I'm currently working around this in a rather clunky way, by using a fixed-output derivation that uses /bin/sh to make a copy of the fetched file. This way, I can query whether the outPath already exists without having to call fetchTree (I use /dev/null instead):

with rec {
  inherit (builtins) currentSystem derivation fetchTree getEnv pathExists;

  override = getEnv "IPFS_GATEWAY";
  gateway = if override == "" then "https://ipfs.io" else override;

  fixed = src: derivation {
    name = "source";
    builder = "/bin/sh";
    system = currentSystem;
    outputHashMode = "nar";
    outputHash = narHash;
    args = [
      "-c"
      ''read -r -d "" content < ${src}; printf '%s\n' "$content" > "$out"''
    ];
  };
  existing = (fixed "/dev/null").outPath;
  file = if pathExists existing then existing else fixed (fetchTree {
    inherit narHash;
    type = "file";
    url = "${gateway}/ipfs/${cid}";
  });
};
file

Checklist


Add :+1: to issues you find important.

Warbo avatar Mar 25 '25 12:03 Warbo

I'm seeing the same thing, with an input of type github. I ran a simple repro like this:

docker run -it --rm nixos/nix

Then this command:

nix eval \
  --extra-experimental-features nix-command \
  --extra-experimental-features flakes \
  --expr 'builtins.fetchTree "github:NixOS/nixpkgs/fdfc4347e915779fe00aca31012e23941b6cd610?narHash=sha256-pCglMme56MWxtTNRWrLj55/eJXw4dX4HmZYXUm6%2BDO4%3D"'

It downloads a whole Nixpkgs checkout. I verified that the reported outPath ended up in the store. Then I run rm -r ~/.cache and run the command again, and it downloads again.

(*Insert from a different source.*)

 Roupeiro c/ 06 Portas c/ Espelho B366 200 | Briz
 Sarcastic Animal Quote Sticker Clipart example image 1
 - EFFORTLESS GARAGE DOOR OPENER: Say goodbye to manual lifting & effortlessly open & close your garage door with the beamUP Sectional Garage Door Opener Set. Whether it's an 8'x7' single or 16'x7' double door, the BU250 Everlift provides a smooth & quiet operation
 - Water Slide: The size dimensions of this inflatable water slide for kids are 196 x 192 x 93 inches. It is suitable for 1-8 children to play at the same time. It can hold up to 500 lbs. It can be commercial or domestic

FWIW this was already reported and marked as fixed once before: https://github.com/NixOS/nix/issues/10104.

thomasjm avatar Apr 01 '25 07:04 thomasjm

I poked around in the code and found that the code path which reuses the path in the store requires that isFinal() return true:

https://github.com/NixOS/nix/blob/9ed5482545b609b095d3597ef31eaa64c9ad5ed8/src/libfetchers/fetchers.cc#L313-L320

and isFinal checks some secret attr called __final:

https://github.com/NixOS/nix/blob/9ed5482545b609b095d3597ef31eaa64c9ad5ed8/src/libfetchers/fetchers.cc#L158-L161

My first thought was to try passing __final = true as part of my attrs to builtins.fetchTree, but it seems that's not allowed:

https://github.com/NixOS/nix/blob/9ed5482545b609b095d3597ef31eaa64c9ad5ed8/src/libexpr/primops/fetchTree.cc#L203-L204

thomasjm avatar Apr 01 '25 21:04 thomasjm

See #10612 for the motivation why this is the case (in short: the narHash doesn't guarantee that we have all the other attributes that the fetcher might return, like lastModified and revCount).

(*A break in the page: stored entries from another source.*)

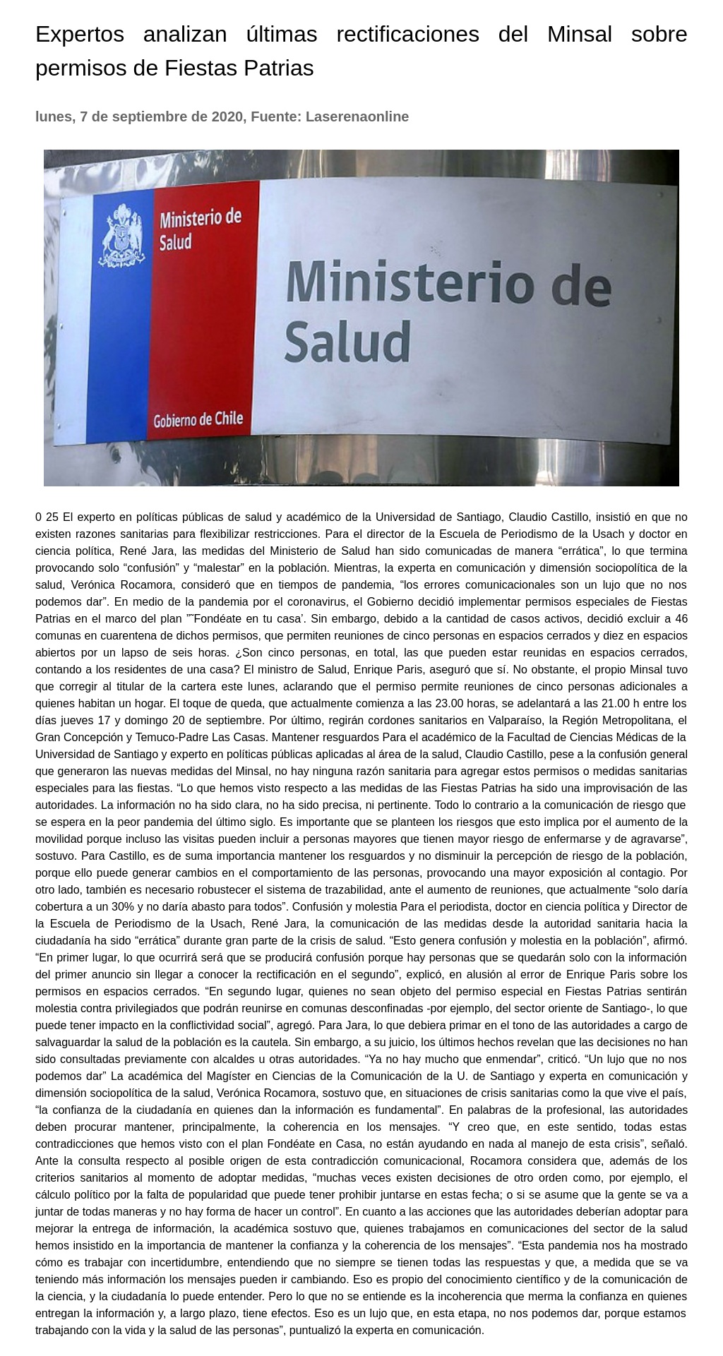 Mientras, la experta en comunicación y dimensión sociopolítica de la salud, Verónica Rocamora, consideró que en tiempos de pandemia, “los errores comunicacionales son un lujo que no nos podemos dar”. En medio de la pandemia por el coronavirus, el Gobierno decidió implementar permisos especiales de Fiestas Patrias en el marco del plan ”˜Fondéate en tu casa’. Sin embargo, debido a la cantidad de casos activos, decidió excluir a 46 comunas en cuarentena de dichos permisos, que permiten reuniones de cinco personas en espacios cerrados y diez en espacios abiertos por un lapso de seis horas. ¿Son cinco personas, en total, las que pueden estar reunidas en espacios cerrados, contando a los residentes de una casa? El ministro de Salud, Enrique Paris, aseguró que sí. No obstante, el propio Minsal tuvo que corregir al titular de la cartera este lunes, aclarando que el permiso permite reuniones de cinco personas adicionales a quienes habitan un hogar. El toque de queda, que actualmente comienza a las 23.00 horas, se adelantará a las 21.00 h entre los días jueves 17 y domingo 20 de septiembre. Por último, regirán cordones sanitarios en Valparaíso, la Región Metropolitana, el Gran Concepción y Temuco-Padre Las Casas.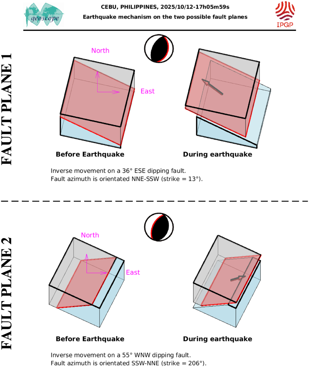 This figure illustrates how the two blocks separated by the seismic fault are displaced during the earthquake. These movements are deduced from the SCARDEC focal mechanism, on the two possible fault planes. Additional information (tectonics, near-fault measurements) is required to determine which one of these two hypotheses corresponds to the real movements during the earthquake.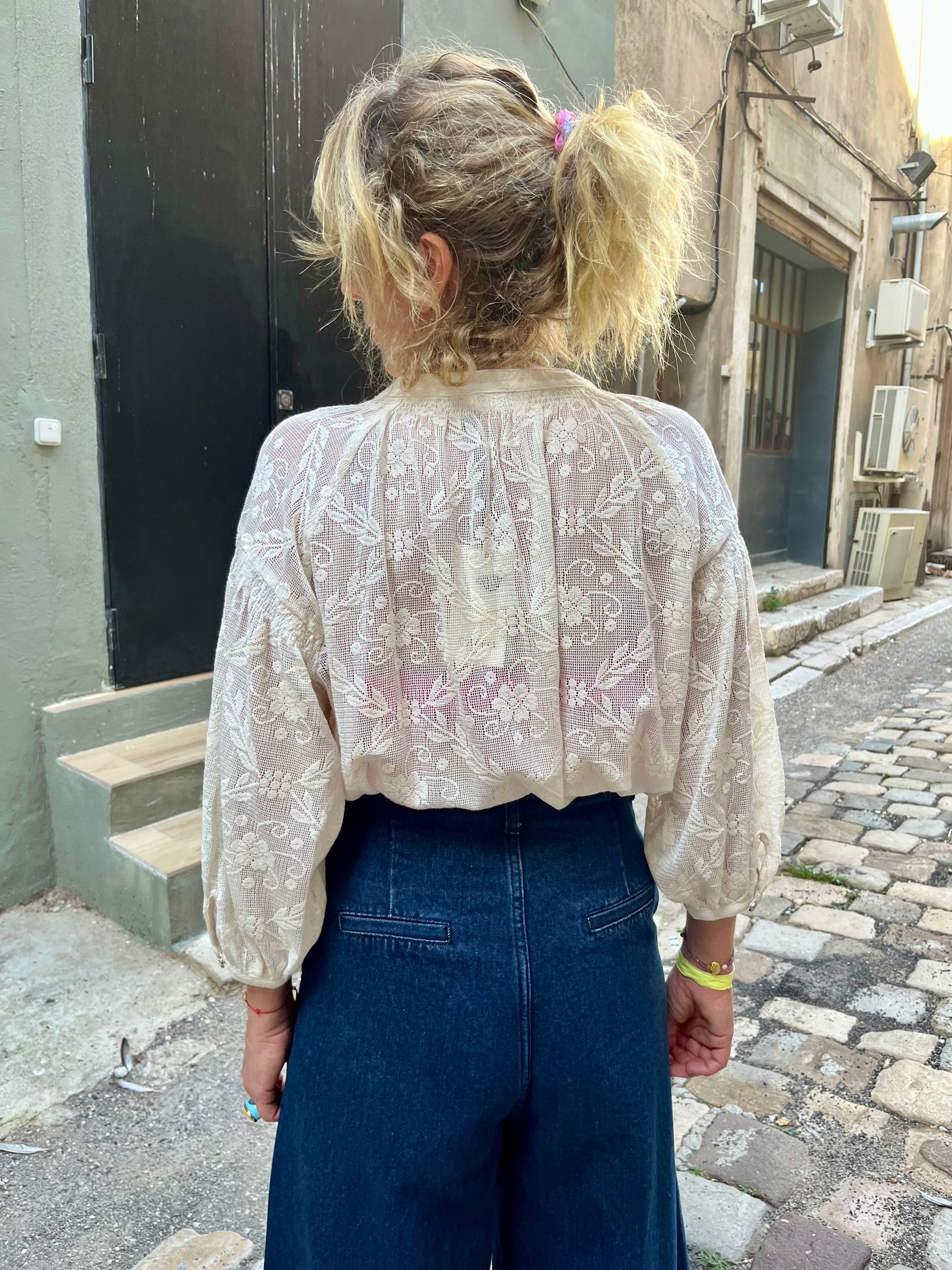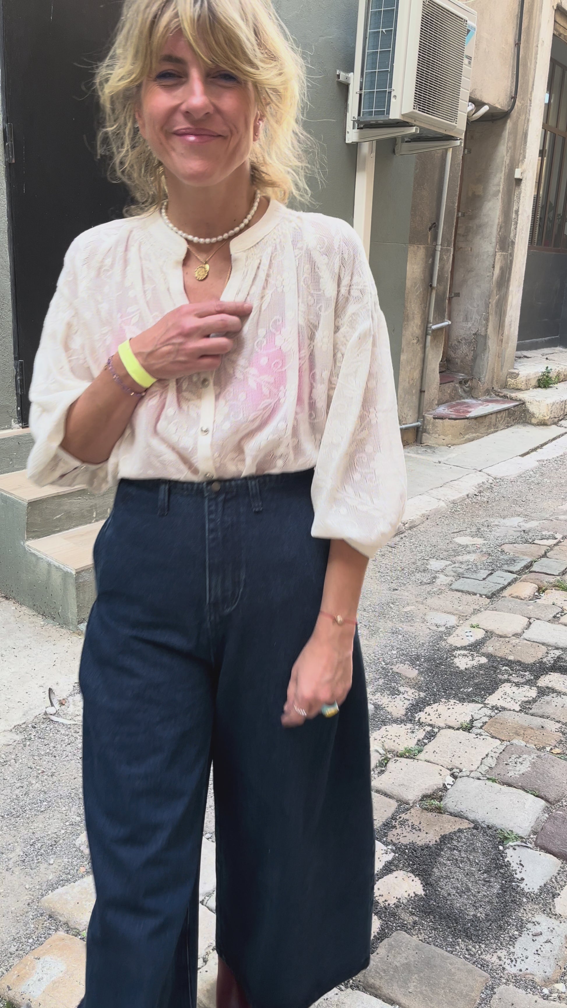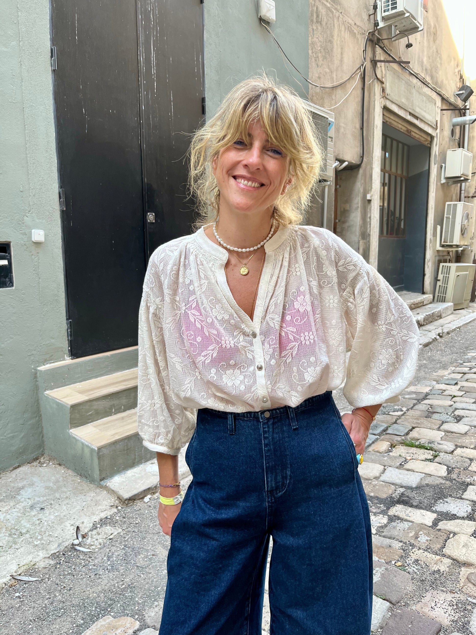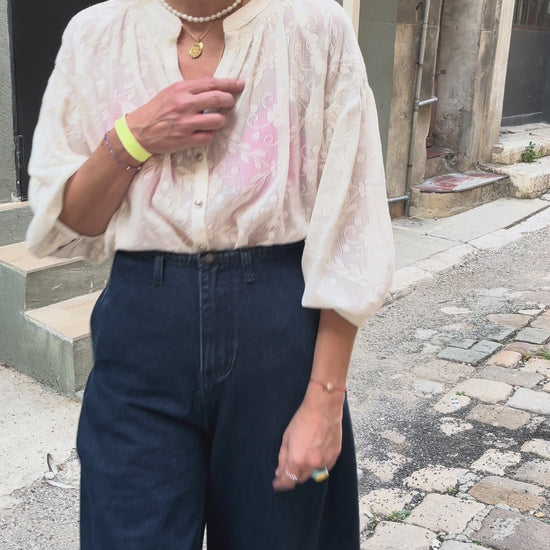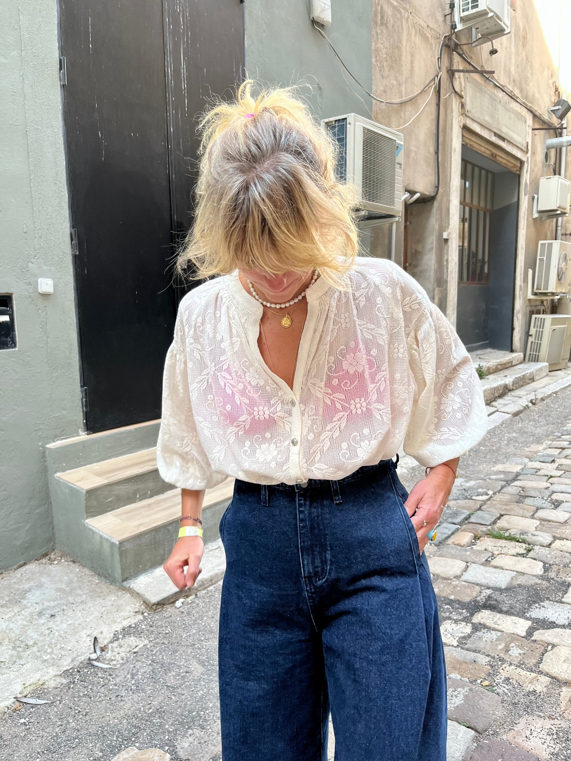 Col V, manches bouffantes courtes et jolis boutons en métal.

edolstra avatar Jun 04 '25 19:06 edolstra

A narHash alone is not quite enough to avoid a download. There are more attributes needed that are being provided by ~/.cache and thus forces a reload when those are not there. In other words, that flakeref might be locked in some sense, but can't be used to create a proper lockfile due to the missing attributes without re-fetching or checking the fetcher cache.

Needs some design work.

Needs some clarification if adding those other attributes would fix the problem (lastModified? rev/ref for git attrs., etc?) and if documenting that would be enough.

tomberek avatar Jun 04 '25 19:06 tomberek

This issue has been mentioned on NixOS Discourse. There might be relevant details there:

https://discourse.nixos.org/t/2025-05-04-nix-team-meeting-minutes-230/65206/1

nixos-discourse avatar Jun 04 '25 22:06 nixos-discourse

Hey, thanks for getting back to me.

I'll just add one user's perspective: it seems like fetchTree is doing double-duty here: on one hand it's part of the machinery underlying flakes, and on the other hand it's being positioned as a nice unified replacement for all the old builtin fetchers (fetchGit, fetchTarball, etc.). These attributes like lastModified or revCount seem like flake concerns, not fetcher concerns -- so I would hope not to see flake concerns start to affect the fetchers.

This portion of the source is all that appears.